US Launches Section 301 Probe Targeting India and 15 Others
US Escalates Trade Scrutiny with New Investigation
The United States government has initiated a new trade investigation under Section 301 of the Trade Act of 1974, targeting India and 15 other major economies. Announced on March 11, 2026, by the office of the United States Trade Representative (USTR), the probe will examine whether these countries engage in unfair trade practices that contribute to 'structural excess capacity' in global manufacturing. This move signals a significant escalation in Washington's trade enforcement activities and could lead to the imposition of new tariffs in the coming months, creating fresh uncertainty for Indian exporters.
Understanding Section 301
Section 301 is a key provision in US trade law that grants the USTR broad authority to investigate and respond to foreign trade practices it deems unfair or harmful to American commerce. The law allows the USTR to take action against policies that are considered unreasonable, discriminatory, or that burden or restrict US trade. If an investigation confirms such violations, the US can impose remedies, which may include tariffs, import restrictions, or the suspension of trade concessions. It serves as Washington's primary legal tool for unilaterally addressing perceived unfairness in international trade.

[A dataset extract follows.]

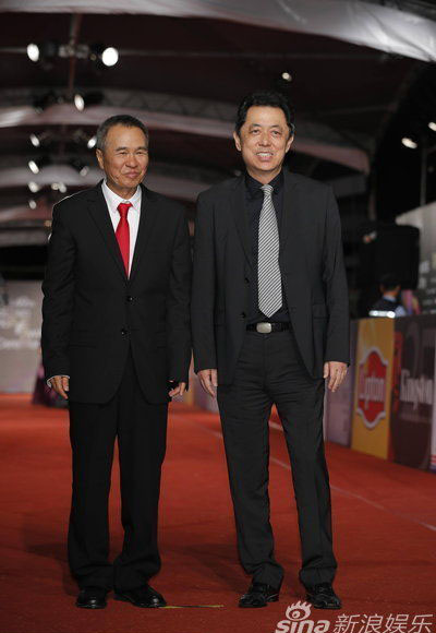 侯孝贤(左)朱延平现身金马奖红毯

Why Has This Probe Been Launched Now?
The timing of this investigation is directly linked to a recent legal setback for the Trump administration. On February 20, 2026, the US Supreme Court struck down the legal basis for the administration's 'reciprocal tariffs,' which had been a cornerstone of its trade strategy. In response, the administration quickly imposed a temporary, flat 10% tariff on all imports under a different law, Section 122 of the Trade Act of 1974. However, this new Section 301 investigation represents a more targeted and legally robust approach to rebuilding trade pressure on key partners. The probe aims to build a formal case against specific policies that allegedly distort global markets.

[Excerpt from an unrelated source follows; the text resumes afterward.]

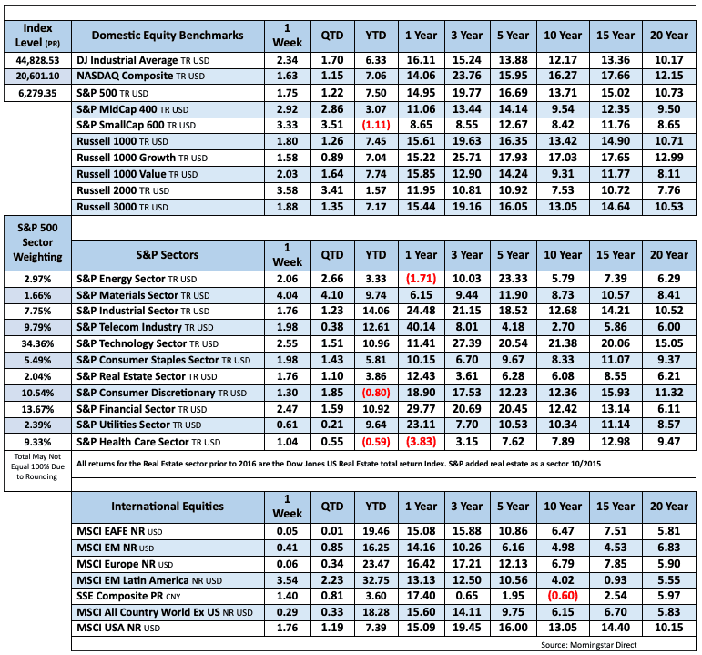 Equities were higher again for the holiday-shortened week, with the S&P and Nasdaq both hitting fresh record closes on Friday. Markets saw some rotation out of Q2’s top performers, with momentum factor lagging and value stocks having a good week. Treasuries were weaker with the curve flattening; 2Y yields jumped sharply on Friday after June’s solid nonfarm payrolls report. The dollar was slightly weaker overall. At Thursday’s stock-market close, gold was up 1.7% for the week. WTI crude was up 2.1%, rebounding a bit after the prior week’s 11.3% drop.

Who and What is Under Scrutiny?
The investigation covers a wide range of economies, including 15 countries and the 27-nation European Union bloc. The full list includes India, China, Japan, South Korea, Mexico, Taiwan, Vietnam, Thailand, Malaysia, Cambodia, Singapore, Indonesia, Bangladesh, Switzerland, and Norway. The USTR will focus on whether government policies have led to excess production capacity in several key industrial sectors. These sectors include steel, aluminum, automobiles, batteries, electronics, chemicals, machinery, semiconductors, and solar modules.
The Investigation's Focus
The probe will examine a variety of practices that could contribute to overcapacity. According to the USTR, this includes government subsidies, the activities of state-owned enterprises, subsidized lending, currency manipulation, suppressed domestic demand, and lax labor or environmental standards. The core objective is to determine if these policies give manufacturers in the targeted countries an unfair advantage, allowing them to flood global markets with goods at artificially low prices, thereby harming American industries.

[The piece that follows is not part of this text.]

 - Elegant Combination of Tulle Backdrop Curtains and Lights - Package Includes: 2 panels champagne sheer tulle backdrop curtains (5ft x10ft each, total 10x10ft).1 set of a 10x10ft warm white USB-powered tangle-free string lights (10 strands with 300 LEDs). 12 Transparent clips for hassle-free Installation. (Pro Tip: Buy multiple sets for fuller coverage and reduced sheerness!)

Key Details of the Section 301 Probe
The Investigation Process and Timeline
The Section 301 investigation follows a structured and public process. The USTR will open public dockets for written submissions on March 17, 2026, allowing companies, industry groups, and foreign governments to provide comments and evidence. The deadline for these submissions and for requests to participate in public hearings is April 15. A public hearing is anticipated to be held around May 5, where stakeholders can present their cases directly to the investigating committee. Following this, the USTR will review the evidence and issue its findings and recommendations for action.
Implications for India
For India, its inclusion in this probe signals renewed and intense scrutiny of its industrial and trade policies from Washington. The United States is one of India's largest trading partners, and any punitive measures could have a significant impact on its manufacturing and export sectors. According to the Global Trade Research Initiative (GTRI), the investigation specifically highlights several Indian sectors where structural excess capacity or export surpluses may exist. These include solar modules, petrochemicals, steel, textiles, health-related goods, construction materials, and automotive products. For instance, the US notice points out that India's solar-module manufacturing capacity is already nearly three times its domestic demand, suggesting a reliance on export markets.
Potential Outcomes and Market Impact
If the investigation concludes that India's policies are distorting trade, the US could impose tariffs or other restrictions on Indian exports. This creates a challenging environment for businesses involved in the identified sectors. However, Section 301 probes do not always end in tariffs. They often serve as leverage to bring trading partners to the negotiating table. It is possible that the investigation could lead to diplomatic discussions aimed at finding policy solutions to address US concerns. This probe follows a joint statement signed on February 6, 2026, where India committed to reducing certain tariffs and purchasing over $100 billion in US products, complicating the bilateral trade relationship.
Conclusion: A Period of Uncertainty Ahead
The launch of this Section 301 investigation places India and other major economies under a microscope, creating a period of uncertainty for global trade. While the process is more legally constrained than previous tariff actions, the threat of new duties is real. The outcome will depend on the evidence gathered and the willingness of the targeted countries to negotiate. For Indian industries, the immediate future involves preparing for the public consultation process and monitoring developments closely. The findings from the USTR, expected after the May hearings, will be a critical indicator of the direction US trade policy will take.